I shall focus entirely on those parts of the report which deal with education. Information technology has already begun to produce changes which, cumulatively, will amount to a social revolution. Education must be given a primary role if society is to be adequately prepared to deal with those changes as they occur. The changes are revolutionary because,
An impressive amount of work in this field has already been undertaken in the UK. A recent study of G7 countries showed that in secondary schools the United Kingdom has the most computers per 100 pupils--12 per 100 pupils. We were the third highest in primary schools after only Canada and the United States. However, as has been said so often this evening, leadership is now urgently needed in the whole field of information technology. Not only must different activities be co-ordinated but they must be drawn together in a national strategy. Thirty thousand independent purchasers--for there are 30,000 individual schools--can make many expensive mistakes if they are not given clear guidance in a co-ordinated national strategy. Some schools and colleges are moving forward admirably. About 5,000 schools and colleges are already connected to the Internet. But the divide is widening between schools which are moving forward and those
which are not. If we are to make a success of the information society, every child must be entitled to these information and communication technologies.This problem knows no boundaries and it certainly cannot be contained within the ambit of individual government departments. We need a co-operative, co-ordinated approach and leadership within an agreed national framework providing guidance but at the same time allowing local initiative and competition. For instance, in the field I am looking at this evening why should we not create a school intranet, to provide a national education framework? The intranet could drive connectivity through all the schools. The intranet could enable government and the department to communicate electronically with all schools and colleges, an innovation which might ultimately be self-financing and even save money. It is estimated that the department currently spends in excess of £9 million a year on postage in communicating with schools.
The intranet could become a prime means for communicating with all staff, especially in academic fields and matters of the curriculum. It would provide a minimum platform of appropriate standards and it could harness expenditure and minimise the risk of inappropriate expenditure. Again, as already pointed out, we were not convinced that the present arrangements, including the new Cabinet Committee GEN 37, working within government protocol, could produce the kind of galvanised leadership that we have in mind. Incidentally, it would be quite interesting to know how often GEN 37 has actually met in, say, the past six months. Perhaps the Minister, when he replies, will let us know.
The most important point I want to deal with is the committee's concern with the state of teacher training. Our fears have not been allayed by the Government's response. First, we recommended that all initial teacher training courses should contain an information technology module. I do not know whether noble Lords will believe it, but the teacher training agency has still not confirmed that information technology will even be included in the national curriculum for initial teacher training. For established teachers the agency is considering information technology as part of the profile for newly qualified and experienced teachers. But that does not go far enough. A modular accreditation should be available to all serving teachers to enhance their qualifications. Accreditation is what is needed for that would create a market in the teaching profession for the development of information and communication technologies. Moreover, teachers should be offered opportunities to develop IT skills through the technology itself; through networks, CD ROMs and the like. Why not offer financial assistance to teachers to help them in purchasing their own equipment in order to have personal access to this new world?

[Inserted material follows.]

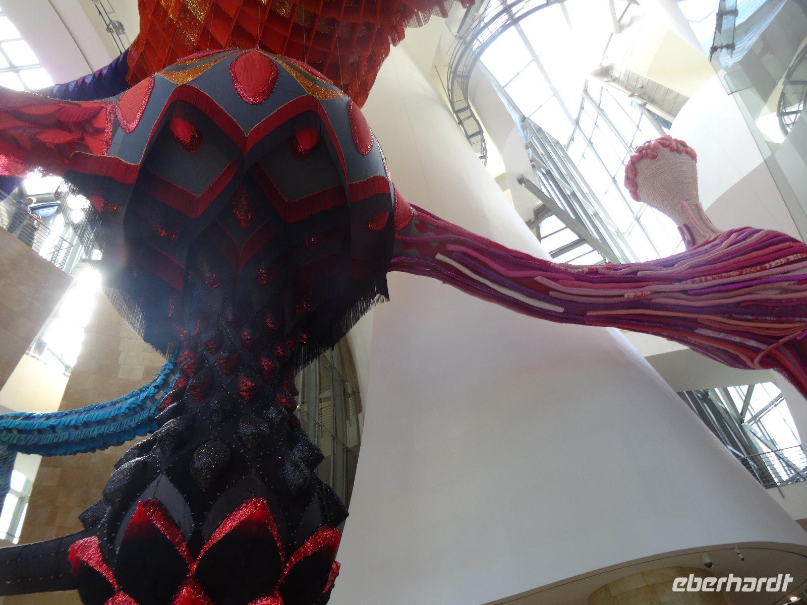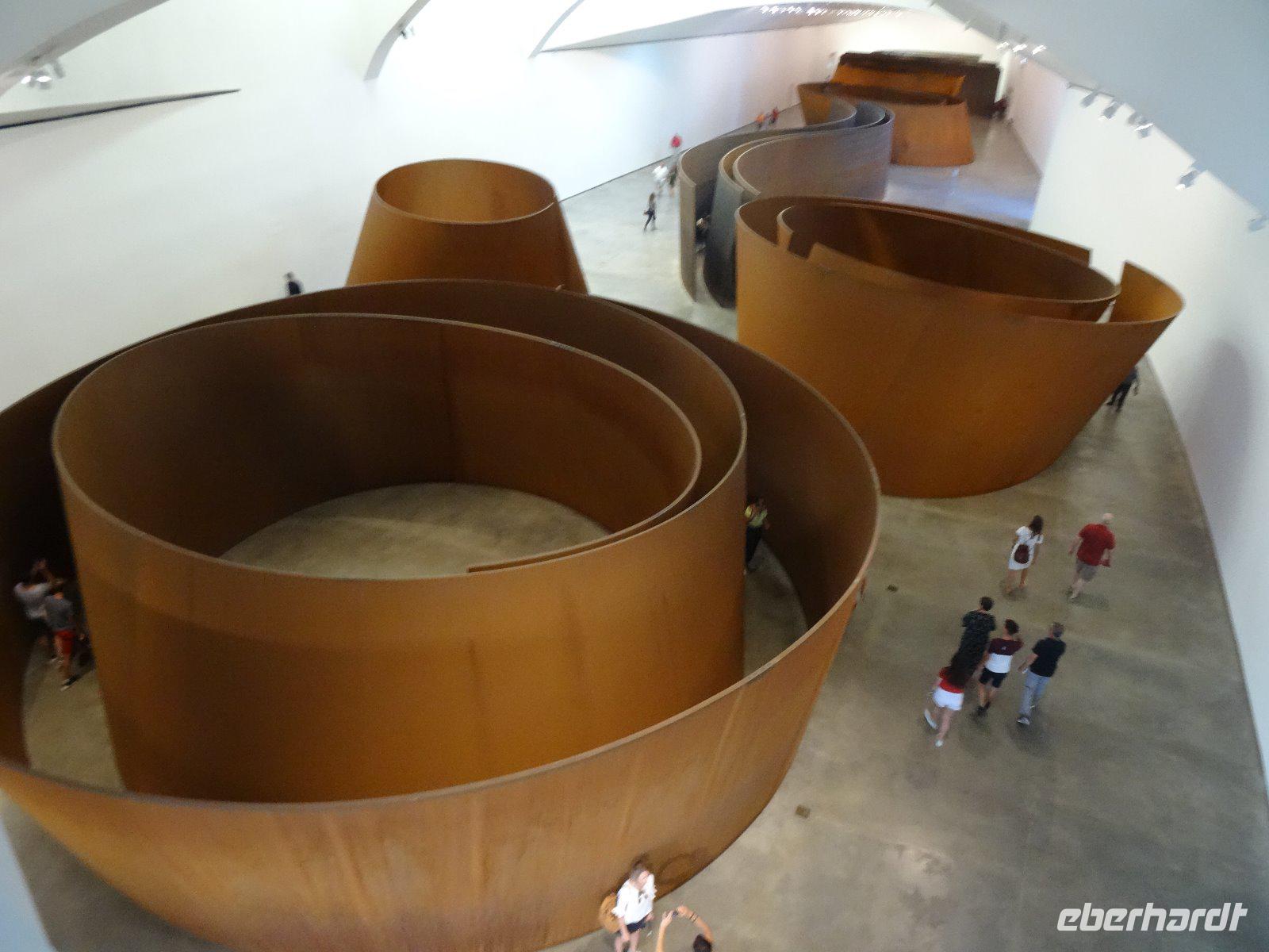 Wir fahren zunächst mit dem Bus mit unserer Stadtführerin Cristina durch die Stadt und machen uns ein Bild vom Wandel einer schmutzigen Industriestadt zu einer modernen, sauberen Großstadt. Nach dem Niedergang der Eisen- und Stahlindustrie hat sich Bilbao neu erfunden, hat die Werten aus der Stadt verbannt und die Industriegelände saniert und neu bebaut. Wir sehen auch das ganz alte Bilbao und spazieren an der Kathedrale vorbei durch die 7 alten Straßen. Am Mittag steht das Guggenheim - Museum auf dem Programm, im Rahmen einer Führung lernen wir das Konzept des Museums und die wichtigsten Bestandteile der Ausstellung kennen, danach gibt es Freizeit und jeder kann nach Belieben das Museum weiter ansehen oder auch einen kleinen Bummel unternehmen, sich etwas stärken und ausruhen. Am Nachmittag fahren wir zu einem weiteren interessanten Denkmal - der Schwebefähre über den Nervion-Fluss. Sie verbindet die Stadtteile Areeta mit Portugalete und ist seit 1893 in Betrieb. Seit 2006 ist sie UNESCO-Weltkulturerbe. Leider war der Fahrstuhl, mit dem man einen Steg über der Fähre erreichen kann, außer Betrieb. Dennoch unternahmen wir zumindest eine Fahrt mit der Schwebefähre und genossen diese einmalige Fahrt.

In this section our report concluded:
Finally, perhaps I may mention the field of educational software, a new industry in which we ought to be commercially dominant, for educational software carries the culture of the country. British educational software should be exporting our educational system, our culture and our social values. We have so much operating in our favour. We have the expertise, we have the educational credibility, and we have the English language. Yet the software market is dominated by the United States, including the CD ROM market and the on-line content of the Internet. Moreover, software production requires a global market to support it but our home market is not big enough on its own to ensure automatic access to global markets. Some government assistance is essential if we are to be successful. However, it is a delicate area and it is important not to distort the market so that it becomes unsustainable. Consultation is needed with the software or content industry on what might be the most helpful method of giving assistance.
The industry itself is rapidly changing and now consists not only of software suppliers, but also of book publishers, television producers and some film producers. Suppliers and purchasers may be helped by a cental source of information. The National Council for Education Technology (NCET) already has reviews of over 400 CD-ROMs on its web site. It is interesting to note that its pages are currently being accessed over 1,000 times a week. This might be a nucleus which could well be extended.
We were among the leaders in understanding the impact of information technology. We urgently need a galvanised leadership within an agreed national framework if we are to be successful in the new information society, and education is a key area.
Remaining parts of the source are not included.